Hendric Hallay: Es sind rund 50 mittelständische Unternehmen. Allerdings läuft das nur bei der Hälfte unter dem Namen Umwelt- Controlling, die anderen nennen es Öko-Bilanzierung oder Umweltmanagement. Dazu gehört etwa Wilkhahn, der Büromöbel-Hersteller, oder der Beinbekleider Kunert. Man sollte jedoch nicht vergessen, daß alles erst vor fünf Jahren mit dem Verpackungshersteller Bischof & Klein begann.

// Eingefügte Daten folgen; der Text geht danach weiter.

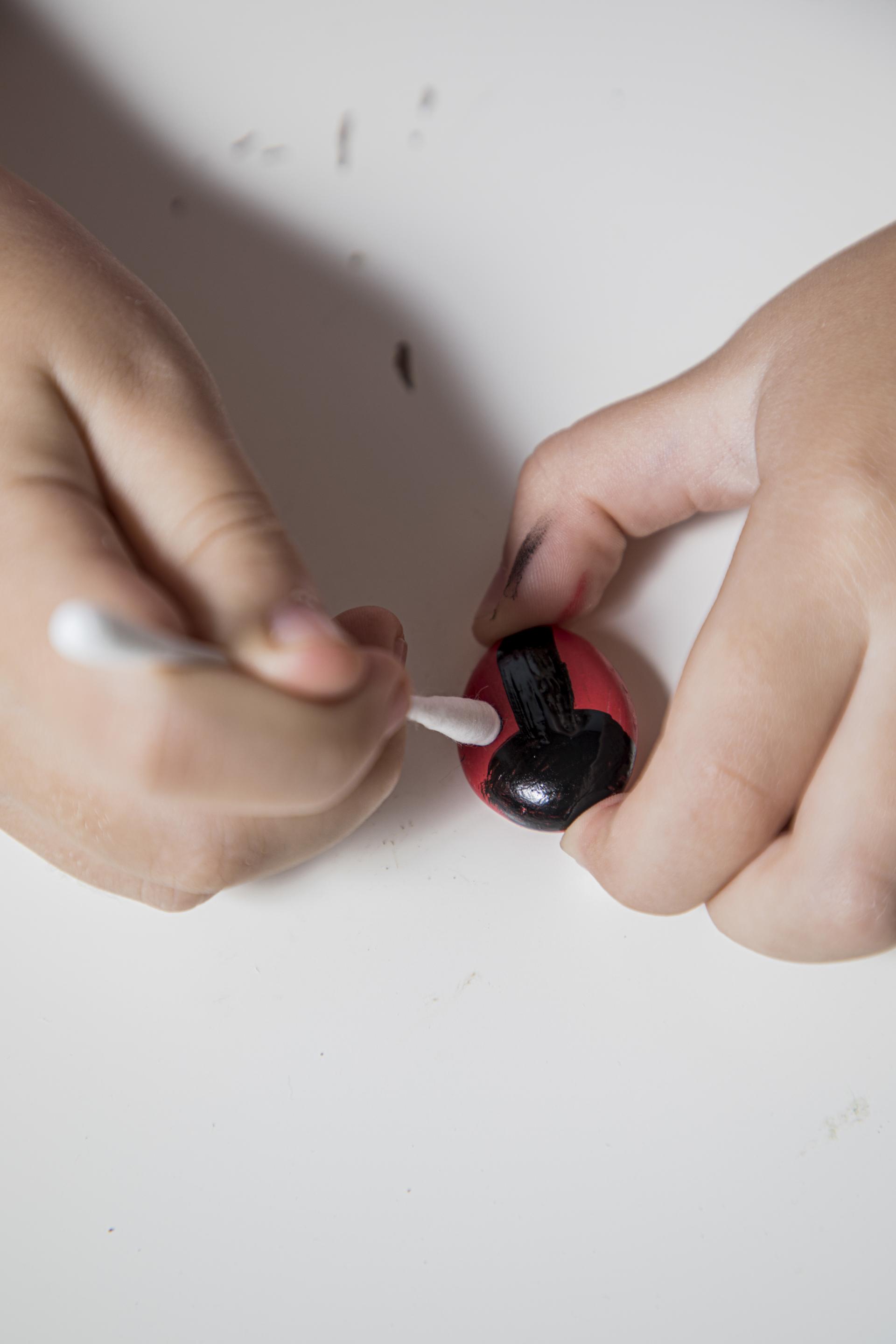 2. Jednak broj kamenčića boja se u crvenu i u žutu boju. Bubamarama je, nakon što se crvena boja osušila, crnom bojom iscrtana glava, krila, a štapićem za uši točkice na krilima i oči.

Was läßt sich nach den Erfahrungen mit Umwelt-Controlling über den Erfolg aussagen?

Grundlage des Controlling ist die Erfassung der Stoff- und Energieströme, die in ein Unternehmen hinein- und wieder hinausfließen. Das Umwelt-Controlling ist also ein ökologisches Informationssystem, das Schwachstellen aufdecken soll. Der Energie- und Materialverbrauch für die Einzelprodukte hat mit dem Öko-Controlling abgenommen. Da aber ein wachsendes Unternehmen immer mehr produziert, wird dieser Fortschritt häufig wieder aufgezehrt. Deshalb hält sich die Gesamtbelastung der Umwelt etwa die Waage. Pro Produkteinheit jedoch schneiden jene Unternehmen mit Öko- Controlling natürlich besser ab.

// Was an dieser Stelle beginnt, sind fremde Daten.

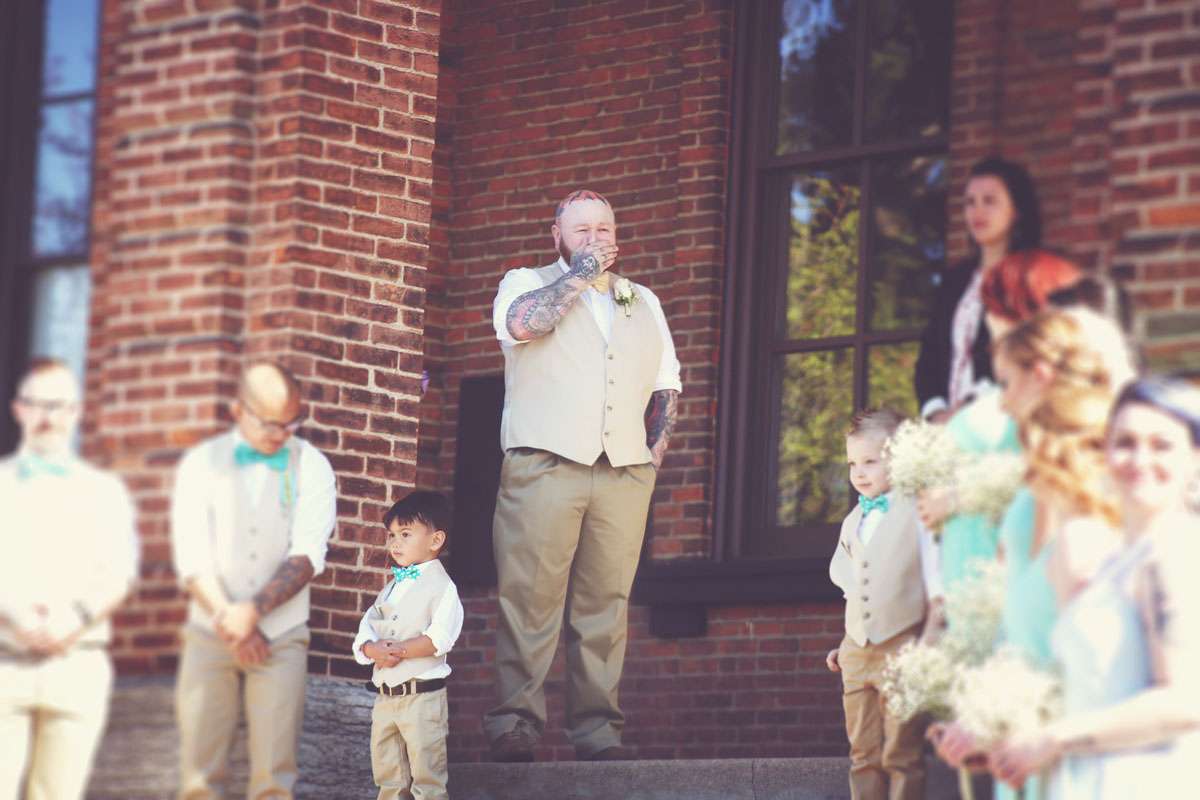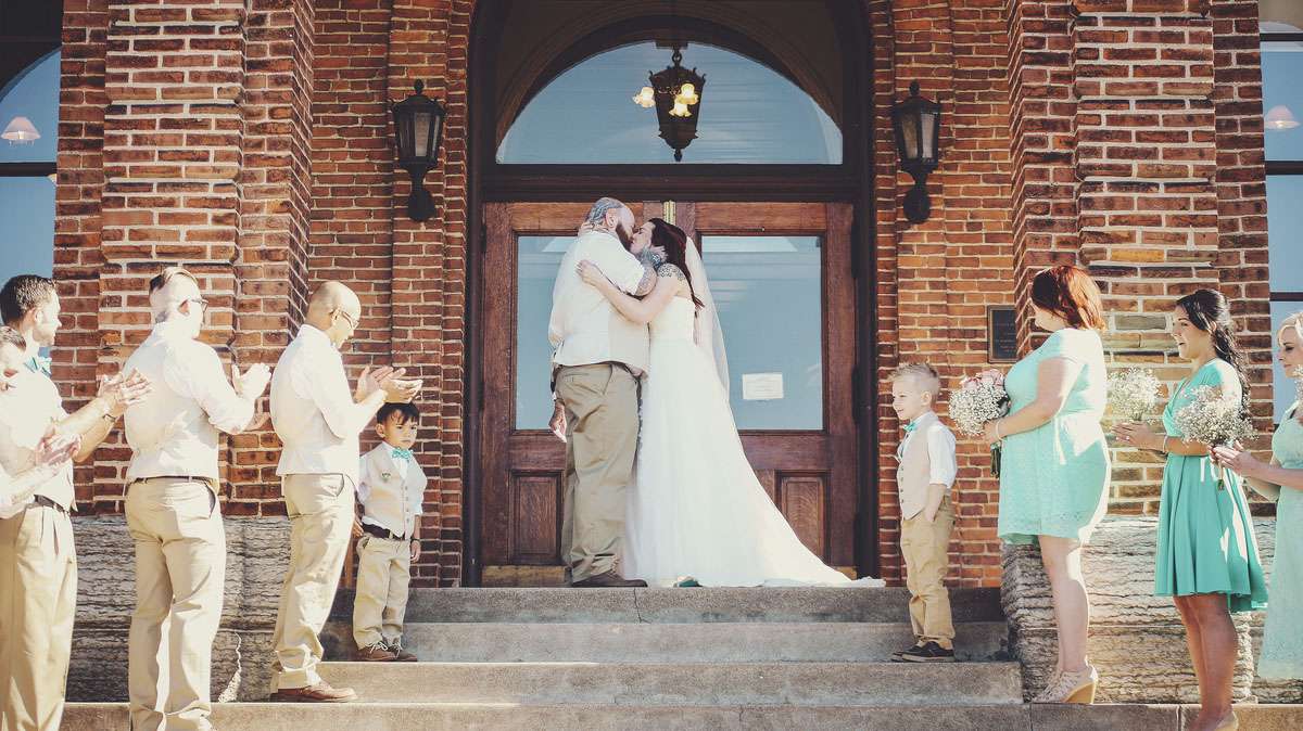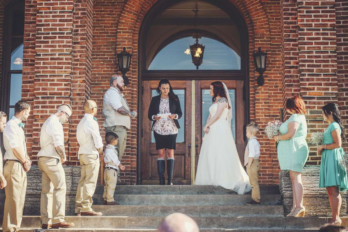 The best bit of the day for this pair was the ceremony. “I was really nervous since it was an April wedding in Minnesota and sometimes it can still feel like winter here at that time of year! Luckily it turned out to be a sunny day! The ceremony was on the front steps of the courthouse and we could not have asked for a more perfect day to get married. Seeing my husband for the first time dressed up and seeing all my friends watching us get married was an amazing moment.”

Verdienen denn die Firmen daran?

Es gibt Kostenvorteile durch Materialeinsparung bei Roh-, Hilfs- und Betriebsstoffen. Das Öko-Controlling legt da Einsparpotentiale frei – das gilt insbesondere für die Energie. Außerdem fallen geringere Gebühren durch weniger Abfälle und Abwässer an. Die Investitionen ins Umwelt- Controlling, das können wir sagen, haben sich spätestens nach ein bis zwei Jahren amortisiert. Der wichtigste Bereich ist jedoch die langfristige Sicherung von Investitionen. Ein Mittelständler etwa, der mit Lösemitteln umgeht, muß die TA- Luft einhalten. Eine entsprechende Anlage kostet Geld, und Vorschriften dieser Art werden künftig noch strenger. Wir sagen den Betrieben: Berücksichtigt die Forderungen, die ohnehin in vier oder fünf Jahren auf euch zukommen, das verschafft euch eine größere Unternehmenssicherheit.

Ist denn das Umwelt-Controlling für Firmen nicht vor allem ein Werbeinstrument?

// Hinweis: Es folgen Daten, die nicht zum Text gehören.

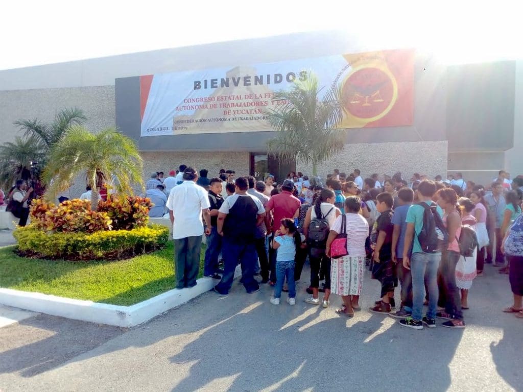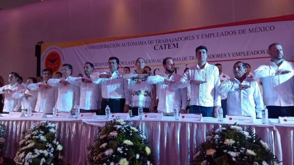 Mérida, Yucatán, 06 de abril de 2019.— Como en los mejores tiempos de la CTM, o de la CROC, el nuevo sindicato llamado Confederación Autónoma de Trabajadores y Empleados de México (CATEM) ligado al nuevo Gobierno Federal, realizó una toma de protesta en Mérida, donde evidenció que aún conserva las viejas y criticadas prácticas de los sindicatos priístas; la gente fue ‘acarreada’, y la gran mayoría de los asistentes no sabían porque estaban ahí.

Die Unternehmen können sich selbstverständlich als umweltfreundlich darstellen. Doch das gelingt ja heutzutage auch vielen Firmen, die gar nicht so sauber sind. Als PR- und Werbeinstrument spielt das Umwelt-Controlling deshalb eine untergeordnete Rolle. Was vielmehr zu Buche schlägt, ist das Risiko-Management. Wenn es zu einer Giftkatastrophe wie bei Sandoz kommt, bleibt das ewig am Firmenimage haften. Dem beugt das Umwelt-Controlling vor. Und: Es sorgt für Transparenz. Kleinere Unternehmen sind häufig Zulieferer für die Großindustrie; die Großen wälzen ihre Umweltprobleme auf die Kleinen ab. Zum Beispiel sind jetzt bei Conti-Gummi die ersten Autoreifen von VW zum Recycling zurückgekommen. VW verlangt von Conti eine Wiederverwertungsgarantie. Conti muß sich binnen eines halben Jahres etwas einfallen lassen – fast unmöglich, denn Gummi ist in dem Maße gar nicht wiederverwertbar. Die Input/Output-Bilanz deckt natürlich solche Beziehungen auf.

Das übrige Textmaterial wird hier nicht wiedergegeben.